Sitagliptin, an oral antihyperglycemic agent approved by the U.S. Food and Drug Administration (FDA) in 2006, is used for controlling blood sugars in patients with type 2 DM. It belongs to a class of drugs known as dipeptidyl peptidase-4 (DPP-4) inhibitors, which act by inhibiting the inactivation of GLP-1 and GIP by the DPP-4 enzyme. Increased levels of GLP-1 and GIP stimulate the glucose-dependent release of insulin and suppress glucagon secretion. This leads to lower glucose levels without the risk of inducing hypoglycemia and weight change, making it a safer alternative to sulfonylureas.5 Side effects commonly seen with sitagliptin include runny nose, sore throat, headache, back pain, joint or muscle pain, nausea, abdominal pain, diarrhea, constipation, and pancreatitis. Sitagliptin, like most DPP-4 inhibitors, is excreted by the kidney, requiring appropriate dose adjustments in patients with reduced kidney function.6 Low 25-hydroxyvitamin D [25(OH)D] levels have been independently associated with varying degrees of muscle-related adverse events such as myopathy and myalgias. There have also been case reports and cross-sectional studies linking an increased risk of statin-induced myopathy with low 25(OH)D.7 , 8

Sitagliptin is mostly (80%) excreted via the kidneys, and dose adjustments are recommended for patients with CKD.9 Statins, on the other hand, are mainly metabolized by hepatic cytochrome CYP450 enzymes, although they are also excreted by the kidney. Various mechanisms have been proposed for the interaction between the two medications, ranging from the effects of sitagliptin on renal excretion of statins to interaction at the level of hepatic metabolism.1 4

One case report of simvastatin-induced rhabdomyolysis in the presence of sitagliptin proposed that the nephrotoxicity of sitagliptin led to reduced renal excretion of simvastatin.2 This was based on a study showing that sitagliptin caused renal tubular necrosis and loss of renal parenchyma in rats.10 The case report noted that the serum concentration and terminal half-life of sitagliptin can be increased in kidney disease, possibly leading to increased serum concentration of the statin, and subsequently to dose-related muscle breakdown in the patient.

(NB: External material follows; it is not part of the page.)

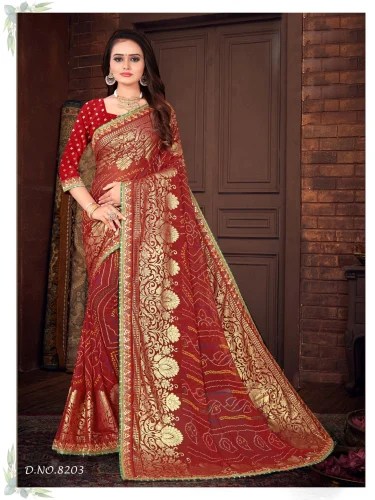 These saris are adorned with tiny dots and patterns created by tying small portions of the fabric with thread before dyeing. The intricate designs of Bandhani saris vary from simple dots to elaborate motifs like flowers, leaves, and geometric patterns. Each Bandhani sari is a testament to the skill and patience of the artisans who meticulously create these mesmerizing patterns.

However, a clinical trial studying the effects of sitagliptin on the pharmacokinetics of simvastatin in 12 healthy human subjects 18–45 years of age, both men and women, showed no effect on the metabolism of simvastatin.11 The authors recommended no dose adjustment when simvastatin was co-administered with sitagliptin. Similarly, another study in 10 patients found no effects of simvastatin use on the pharmacokinetics of sitagliptin, and no dose adjustment was recommended for either drug.12

In one case report of rhabdomyolysis induced by lovastatin and sitagliptin, the authors suggested an interaction between the statin and sitagliptin at the level of CYP3A4 as the cause. They posited that because both are metabolized by CYP3A4, when co-administered, they may compete for the same enzyme, resulting in increased serum concentration of the statin, leading to statin-induced rhabdomyolysis.3 Two other case reports of rhabdomyolysis with atorvastatin and sitagliptin had similar suggestions, indicating that sitagliptin leads to increased serum concentration of atorvastatin through its effects on hepatic metabolism by CYP3A4 rather than on renal excretion.1 , 2 , 4 A comprehensive review of the literature suggests that atorvastatin and sitagliptin are not prone to pharmacokinetic drug–drug interactions, either separately or in a fixed-drug combination.13

Statins reported thus far to induce rhabdomyolysis in interaction with sitagliptin are lovastatin, atorvastatin, and simvastatin. These are all metabolized by hepatic CYP3A4. The link to cytochrome metabolism is further supported by the lack of any reported rhabdomyolysis14 caused by interaction of sitagliptin with statins that are not significantly metabolized by CYP3A4, such as pravastatin, rosuvastatin, pitavastatin, and fluvastatin.14

The other factor considered to contribute to the patient’s rhabdomyolysis was her low level of 25(OH)D. This was not fully investigated in previous case reports of sitagliptin and statins (Table 2). The 25(OH)D levels, which were likely chronically low, were probably a contributing factor to the rhabdomyolysis, but the sitagliptin was the direct precipitating factor.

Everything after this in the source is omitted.